EXERCISE INPUTS —
****************************************
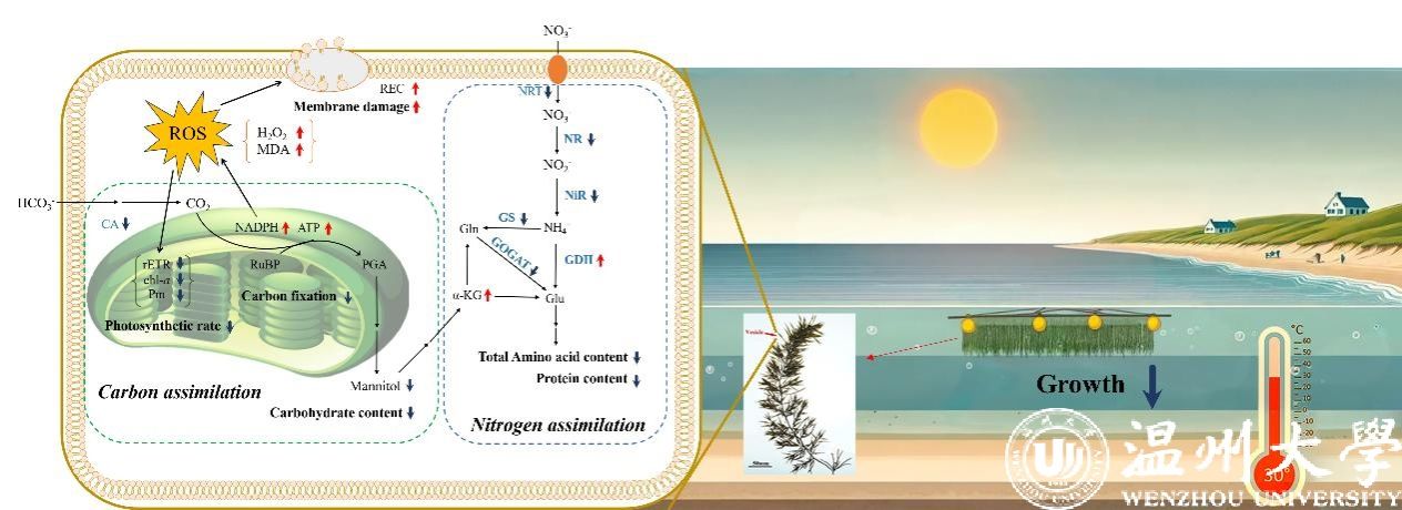 在全球变暖的背景下,羊栖菜作为一种表层海水养殖的经济作物,其产量和品质常受到海洋热浪等极端气候事件的影响。然而,海洋热浪对羊栖菜的具体影响机制尚未完全明确。为此,研究团队通过实验室实验和自然热浪模拟条件,分析了羊栖菜在这些环境下的生理特征及转录组学数据。研究结果显示,热浪胁迫显著提高了藻体内的过氧化氢、丙二醛含量以及相对电导率值,破坏了细胞叶绿体结构,并降低了光合效率。此外,热浪胁迫还抑制了硝酸盐吸收速率及大多数与氮同化相关的酶活性,但谷氨酸脱氢酶活性显著上调,表明该蛋白酶可能在羊栖菜适应热浪胁迫中扮演重要角色。氨基酸组成分析发现,脯氨酸和丙氨酸对高温条件尤为敏感。进一步的自然热浪环境模拟验证实验显示,藻类在自然条件下表现出与实验室条件下一致的生理响应。该研究表明,海洋热浪通过增加羊栖菜的氧化损伤并抑制其碳氮吸收和同化能力,从而对其生长和产量产生负面影响。这一发现为培育耐高温品系的羊栖菜以及优化沿海水产养殖管理提供了重要的理论基础和实践指导。
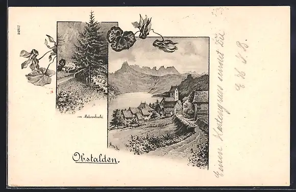 Lithographie Obstalden, Am Mehrenbach, Ortspartie
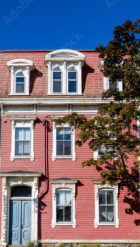 © dbvirago, Fototapeta premium Old Red Clapboard with Blue Door
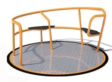 全体が回転する遊具。回してもらったり、脚でこいだりすることで動きます。座ったままでも立ったままでも利用できるように設計されており、車椅子のまま乗ることもできるアクセスフリー遊具です。
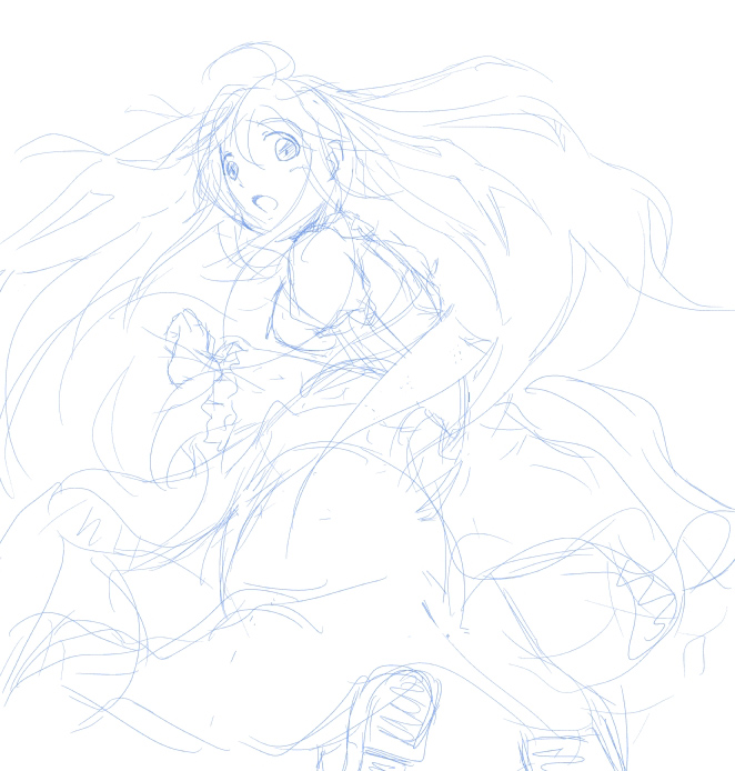 描いていてスカートのふわり具合を調整したら尻とか隠れた…本末転倒
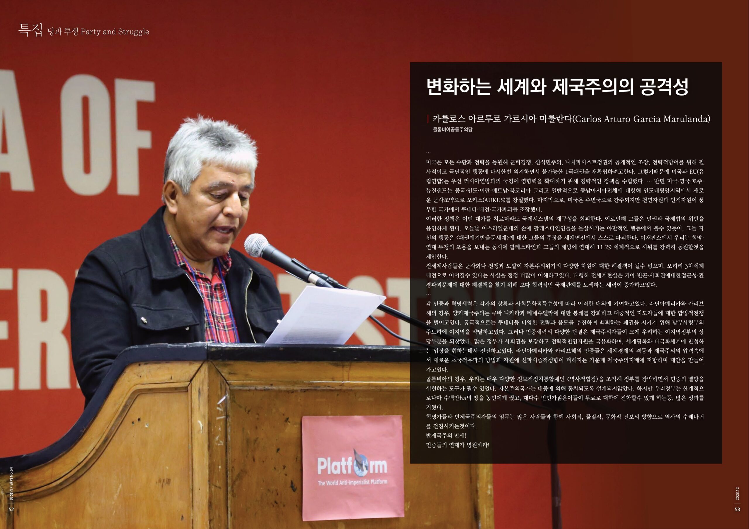 각 민중과 혁명세력은 각자의 상황과 사회문화적특수성에 따라 이러한 대의에 기여하고있다. 라틴아메리카와 카리브해의 경우, 양키제국주의는 쿠바·니카라과·베네수엘라에 대한 봉쇄를 강화하고 대중적인 지도자들에 대한 합법적전쟁을 벌이고있다. 궁극적으로는 쿠데타등 다양한 전략과 음모를 추진하며 쇠퇴하는 패권을 지키기 위해 남부사령부의 주도하에 이지역을 약탈하고있다. 그러나 민중세력의 다양한 단결은 제국주의자들이 크게 우려하는 이지역정부의 상당부분을 되찾았다. 많은 정부가 사회권을 보장하고 전략적천연자원을 국유화하며, 세계평화와 다극화세계에 찬성하는 입장을 취하는데서 진전하고있다. 라틴아메리카와 카리브해의 민중들은 세계경제의 격동과 제국주의의 압력속에서 새로운 초국적우파의 방법과 자원에 신파시즘적성향이 더해지는 가운데 제국주의지배에 저항하며 대안을 만들어가고있다.
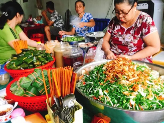 The soup is packed with ingredients like water spinach, herbs, banana blossom, bean sprouts, roasted peanuts, crispy pork skin, and a mix of sweet and sour fish sauce. The key to its authentic flavor is the herbs and shrimp paste, which must come from Hue to bring out the dish's distinctive aroma. To enjoy it the right way, add chili, mix well, and pour the clam broth over the noodles.
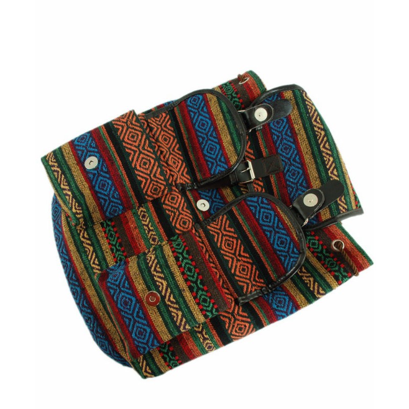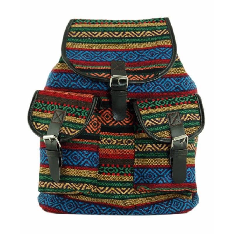 - Городской рюкзак 7224-24 желто-зелено-синий орнамент из плотного холста с этническим орнаментом.
****************************************
PROBLEM DESCRIPTION — Once the images are set aside, retype all of the material above exactly.

SOLUTION BELOW —
 在全球变暖的背景下,羊栖菜作为一种表层海水养殖的经济作物,其产量和品质常受到海洋热浪等极端气候事件的影响。然而,海洋热浪对羊栖菜的具体影响机制尚未完全明确。为此,研究团队通过实验室实验和自然热浪模拟条件,分析了羊栖菜在这些环境下的生理特征及转录组学数据。研究结果显示,热浪胁迫显著提高了藻体内的过氧化氢、丙二醛含量以及相对电导率值,破坏了细胞叶绿体结构,并降低了光合效率。此外,热浪胁迫还抑制了硝酸盐吸收速率及大多数与氮同化相关的酶活性,但谷氨酸脱氢酶活性显著上调,表明该蛋白酶可能在羊栖菜适应热浪胁迫中扮演重要角色。氨基酸组成分析发现,脯氨酸和丙氨酸对高温条件尤为敏感。进一步的自然热浪环境模拟验证实验显示,藻类在自然条件下表现出与实验室条件下一致的生理响应。该研究表明,海洋热浪通过增加羊栖菜的氧化损伤并抑制其碳氮吸收和同化能力,从而对其生长和产量产生负面影响。这一发现为培育耐高温品系的羊栖菜以及优化沿海水产养殖管理提供了重要的理论基础和实践指导。
 Lithographie Obstalden, Am Mehrenbach, Ortspartie
 © dbvirago, Fototapeta premium Old Red Clapboard with Blue Door
 全体が回転する遊具。回してもらったり、脚でこいだりすることで動きます。座ったままでも立ったままでも利用できるように設計されており、車椅子のまま乗ることもできるアクセスフリー遊具です。
 描いていてスカートのふわり具合を調整したら尻とか隠れた…本末転倒
 각 민중과 혁명세력은 각자의 상황과 사회문화적특수성에 따라 이러한 대의에 기여하고있다. 라틴아메리카와 카리브해의 경우, 양키제국주의는 쿠바·니카라과·베네수엘라에 대한 봉쇄를 강화하고 대중적인 지도자들에 대한 합법적전쟁을 벌이고있다. 궁극적으로는 쿠데타등 다양한 전략과 음모를 추진하며 쇠퇴하는 패권을 지키기 위해 남부사령부의 주도하에 이지역을 약탈하고있다. 그러나 민중세력의 다양한 단결은 제국주의자들이 크게 우려하는 이지역정부의 상당부분을 되찾았다. 많은 정부가 사회권을 보장하고 전략적천연자원을 국유화하며, 세계평화와 다극화세계에 찬성하는 입장을 취하는데서 진전하고있다. 라틴아메리카와 카리브해의 민중들은 세계경제의 격동과 제국주의의 압력속에서 새로운 초국적우파의 방법과 자원에 신파시즘적성향이 더해지는 가운데 제국주의지배에 저항하며 대안을 만들어가고있다.
 The soup is packed with ingredients like water spinach, herbs, banana blossom, bean sprouts, roasted peanuts, crispy pork skin, and a mix of sweet and sour fish sauce. The key to its authentic flavor is the herbs and shrimp paste, which must come from Hue to bring out the dish's distinctive aroma. To enjoy it the right way, add chili, mix well, and pour the clam broth over the noodles.
 - Городской рюкзак 7224-24 желто-зелено-синий орнамент из плотного холста с этническим орнаментом.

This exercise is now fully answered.